Task directions :: An unchanged copy of every record below, without pictures, is the goal.

Material for this task ::
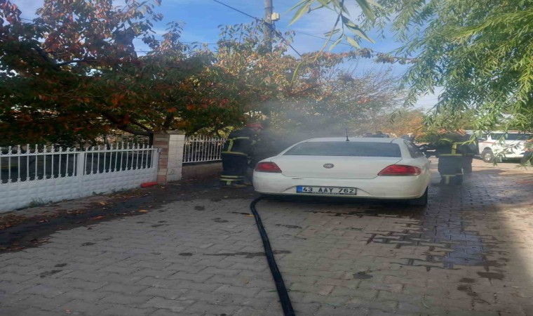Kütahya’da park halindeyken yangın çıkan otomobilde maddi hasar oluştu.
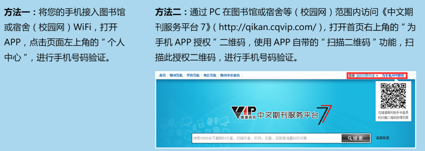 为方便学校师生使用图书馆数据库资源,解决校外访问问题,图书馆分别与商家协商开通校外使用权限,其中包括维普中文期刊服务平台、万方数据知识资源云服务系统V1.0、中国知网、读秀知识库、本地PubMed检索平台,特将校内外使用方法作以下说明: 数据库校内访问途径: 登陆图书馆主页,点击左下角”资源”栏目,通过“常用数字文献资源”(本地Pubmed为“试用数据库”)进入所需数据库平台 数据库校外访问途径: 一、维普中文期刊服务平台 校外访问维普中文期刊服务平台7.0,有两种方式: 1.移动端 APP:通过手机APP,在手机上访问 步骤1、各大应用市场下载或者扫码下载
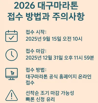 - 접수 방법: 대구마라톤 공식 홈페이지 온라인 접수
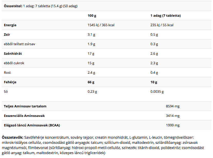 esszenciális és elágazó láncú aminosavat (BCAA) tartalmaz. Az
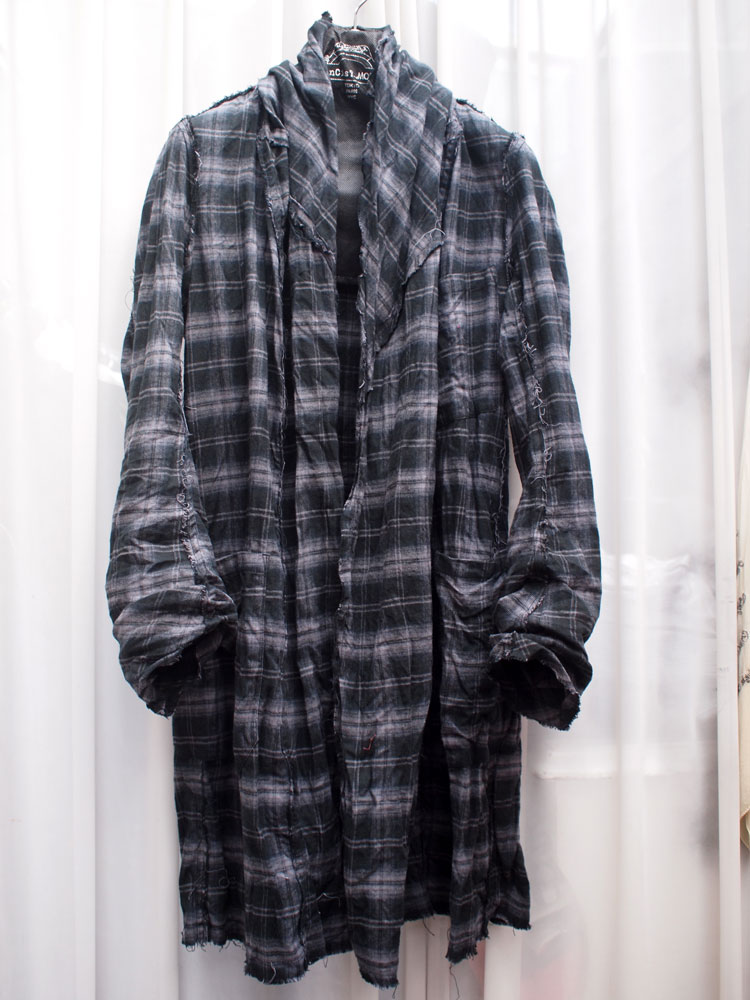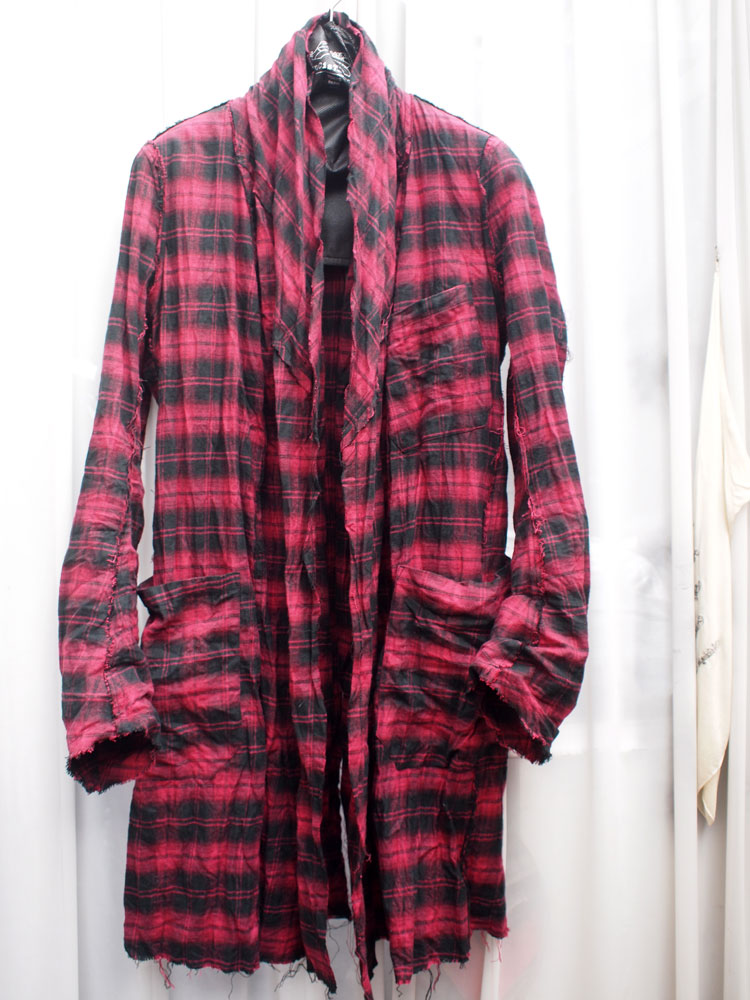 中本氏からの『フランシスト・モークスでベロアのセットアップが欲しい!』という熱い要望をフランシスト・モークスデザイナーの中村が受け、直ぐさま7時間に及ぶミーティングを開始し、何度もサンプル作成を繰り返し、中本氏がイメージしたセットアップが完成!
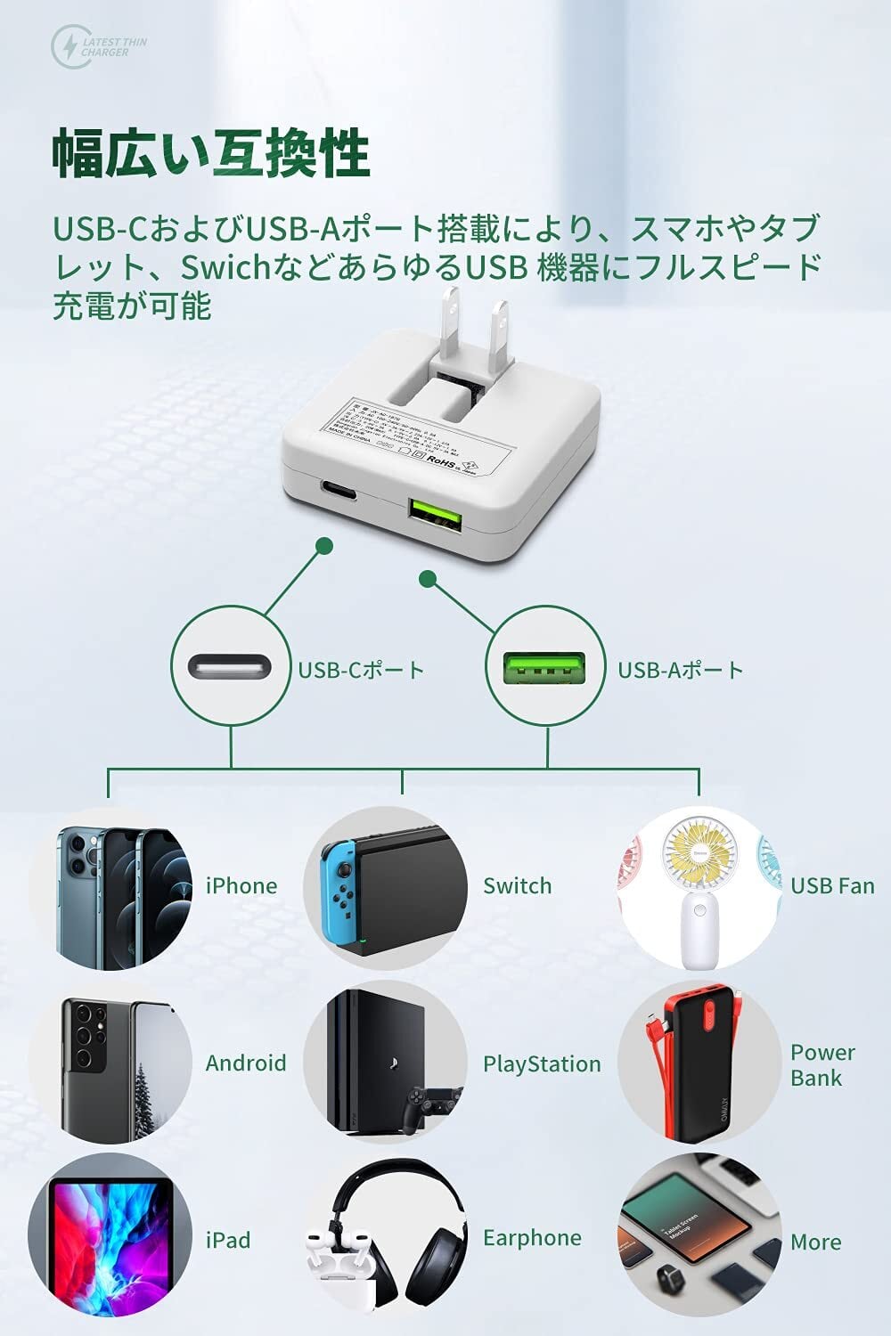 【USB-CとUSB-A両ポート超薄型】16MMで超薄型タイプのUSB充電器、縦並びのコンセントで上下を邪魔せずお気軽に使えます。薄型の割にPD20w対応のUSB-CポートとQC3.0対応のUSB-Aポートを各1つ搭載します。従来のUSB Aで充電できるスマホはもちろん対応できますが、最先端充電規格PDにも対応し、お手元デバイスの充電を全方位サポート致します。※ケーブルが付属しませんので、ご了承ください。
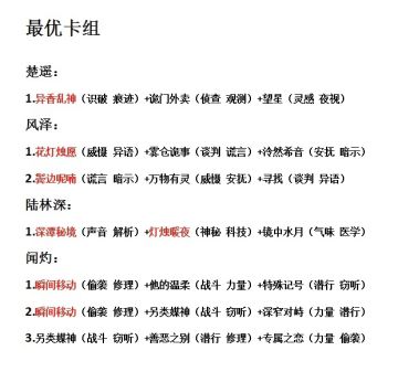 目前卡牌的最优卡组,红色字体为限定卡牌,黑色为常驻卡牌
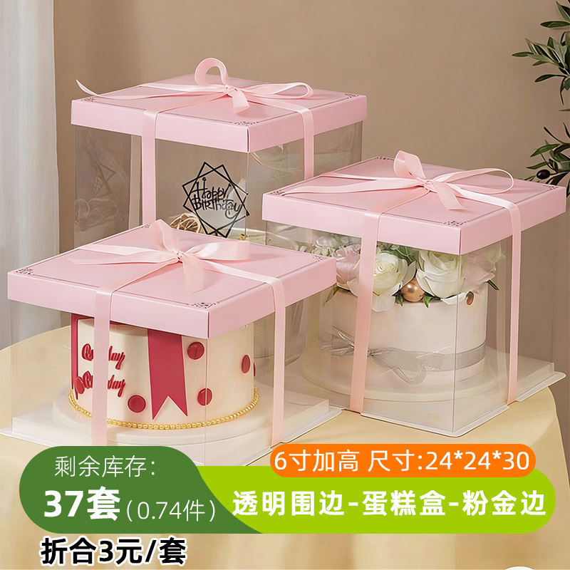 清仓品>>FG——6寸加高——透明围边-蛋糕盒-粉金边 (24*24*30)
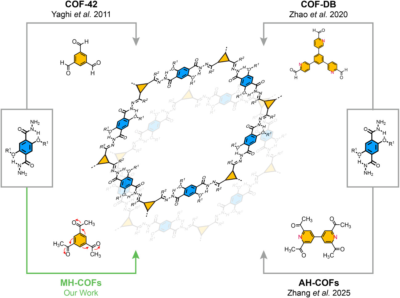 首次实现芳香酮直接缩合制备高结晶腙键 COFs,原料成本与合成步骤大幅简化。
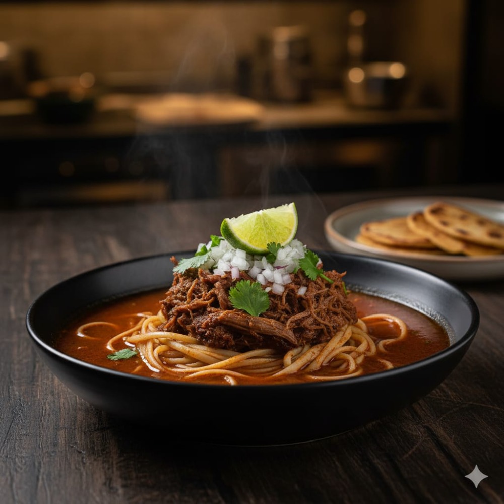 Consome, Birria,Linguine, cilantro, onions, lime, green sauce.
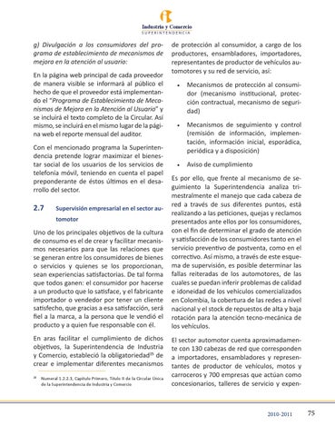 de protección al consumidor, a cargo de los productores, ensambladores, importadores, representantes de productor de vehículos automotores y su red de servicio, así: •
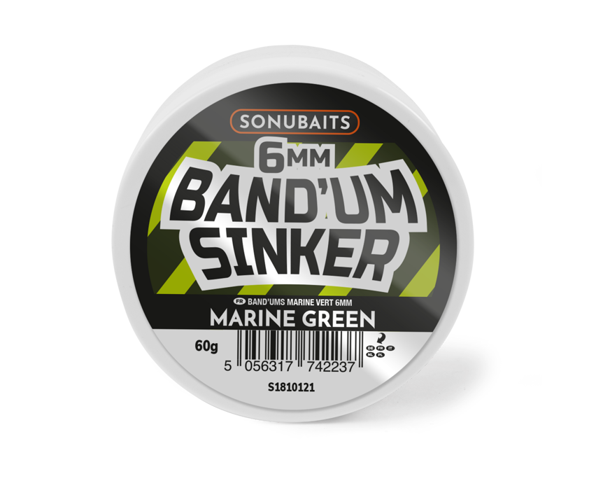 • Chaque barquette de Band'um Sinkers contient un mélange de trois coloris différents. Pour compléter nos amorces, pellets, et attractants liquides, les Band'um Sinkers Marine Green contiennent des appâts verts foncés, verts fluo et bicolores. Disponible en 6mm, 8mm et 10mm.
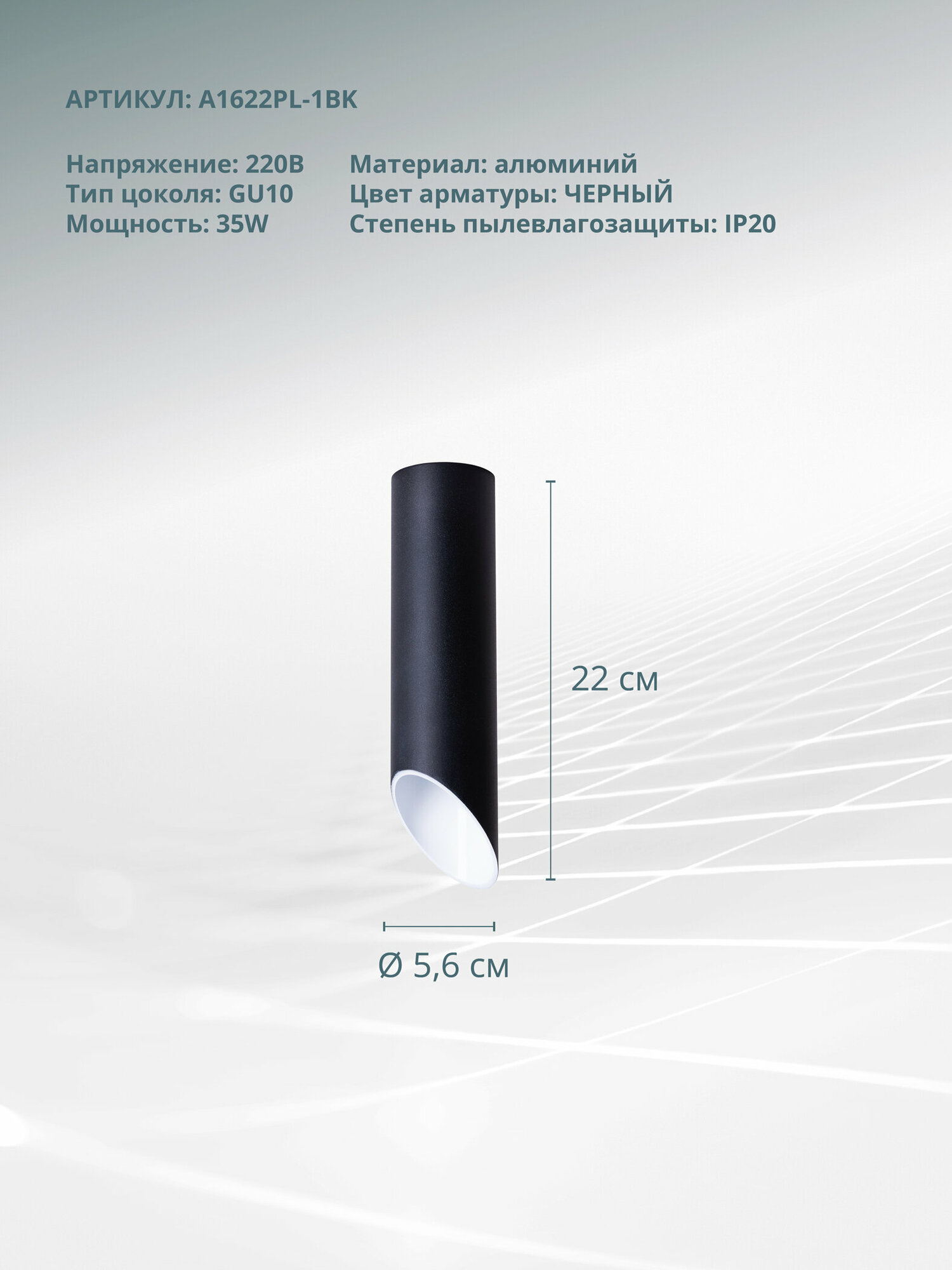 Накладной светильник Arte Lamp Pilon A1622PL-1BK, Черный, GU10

Completed task ::
Kütahya’da park halindeyken yangın çıkan otomobilde maddi hasar oluştu.
 为方便学校师生使用图书馆数据库资源,解决校外访问问题,图书馆分别与商家协商开通校外使用权限,其中包括维普中文期刊服务平台、万方数据知识资源云服务系统V1.0、中国知网、读秀知识库、本地PubMed检索平台,特将校内外使用方法作以下说明: 数据库校内访问途径: 登陆图书馆主页,点击左下角”资源”栏目,通过“常用数字文献资源”(本地Pubmed为“试用数据库”)进入所需数据库平台 数据库校外访问途径: 一、维普中文期刊服务平台 校外访问维普中文期刊服务平台7.0,有两种方式: 1.移动端 APP:通过手机APP,在手机上访问 步骤1、各大应用市场下载或者扫码下载
 - 접수 방법: 대구마라톤 공식 홈페이지 온라인 접수
 esszenciális és elágazó láncú aminosavat (BCAA) tartalmaz. Az
 中本氏からの『フランシスト・モークスでベロアのセットアップが欲しい!』という熱い要望をフランシスト・モークスデザイナーの中村が受け、直ぐさま7時間に及ぶミーティングを開始し、何度もサンプル作成を繰り返し、中本氏がイメージしたセットアップが完成!
 【USB-CとUSB-A両ポート超薄型】16MMで超薄型タイプのUSB充電器、縦並びのコンセントで上下を邪魔せずお気軽に使えます。薄型の割にPD20w対応のUSB-CポートとQC3.0対応のUSB-Aポートを各1つ搭載します。従来のUSB Aで充電できるスマホはもちろん対応できますが、最先端充電規格PDにも対応し、お手元デバイスの充電を全方位サポート致します。※ケーブルが付属しませんので、ご了承ください。
 目前卡牌的最优卡组,红色字体为限定卡牌,黑色为常驻卡牌
 清仓品>>FG——6寸加高——透明围边-蛋糕盒-粉金边 (24*24*30)
 首次实现芳香酮直接缩合制备高结晶腙键 COFs,原料成本与合成步骤大幅简化。
 Consome, Birria,Linguine, cilantro, onions, lime, green sauce.
 de protección al consumidor, a cargo de los productores, ensambladores, importadores, representantes de productor de vehículos automotores y su red de servicio, así: •
 • Chaque barquette de Band'um Sinkers contient un mélange de trois coloris différents. Pour compléter nos amorces, pellets, et attractants liquides, les Band'um Sinkers Marine Green contiennent des appâts verts foncés, verts fluo et bicolores. Disponible en 6mm, 8mm et 10mm.
 Накладной светильник Arte Lamp Pilon A1622PL-1BK, Черный, GU10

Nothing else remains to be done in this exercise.